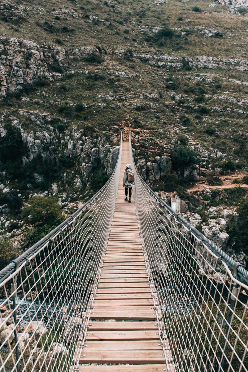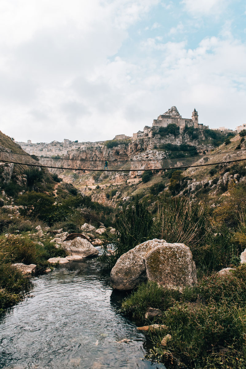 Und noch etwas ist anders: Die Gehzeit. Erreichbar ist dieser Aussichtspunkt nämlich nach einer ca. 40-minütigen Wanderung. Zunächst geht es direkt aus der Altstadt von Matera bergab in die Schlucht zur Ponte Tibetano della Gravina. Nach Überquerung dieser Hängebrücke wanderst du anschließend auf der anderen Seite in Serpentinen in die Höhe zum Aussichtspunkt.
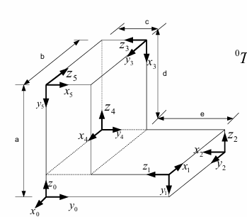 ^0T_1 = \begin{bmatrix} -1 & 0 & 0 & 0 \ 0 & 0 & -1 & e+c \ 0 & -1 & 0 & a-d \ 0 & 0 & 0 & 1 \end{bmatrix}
_ _ _ _ _ _ _
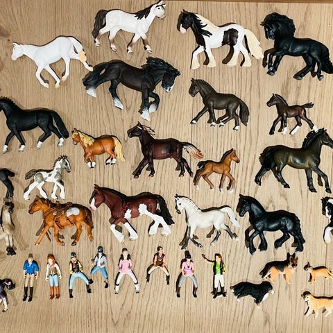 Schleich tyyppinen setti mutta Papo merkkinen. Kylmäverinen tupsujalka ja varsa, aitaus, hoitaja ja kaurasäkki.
_ _ _ _ _ _ _
- WHAT YOU SHOULD DO
Beginning at the line above that contains "Und noch etwas", repeat each line exactly through the one that contains "0 & 0 & -1 & e+c", and leave out the pictures.

- ANSWER AREA
 Und noch etwas ist anders: Die Gehzeit. Erreichbar ist dieser Aussichtspunkt nämlich nach einer ca. 40-minütigen Wanderung. Zunächst geht es direkt aus der Altstadt von Matera bergab in die Schlucht zur Ponte Tibetano della Gravina. Nach Überquerung dieser Hängebrücke wanderst du anschließend auf der anderen Seite in Serpentinen in die Höhe zum Aussichtspunkt.
 ^0T_1 = \begin{bmatrix} -1 & 0 & 0 & 0 \ 0 & 0 & -1 & e+c \ 0 & -1 & 0 & a-d \ 0 & 0 & 0 & 1 \end{bmatrix}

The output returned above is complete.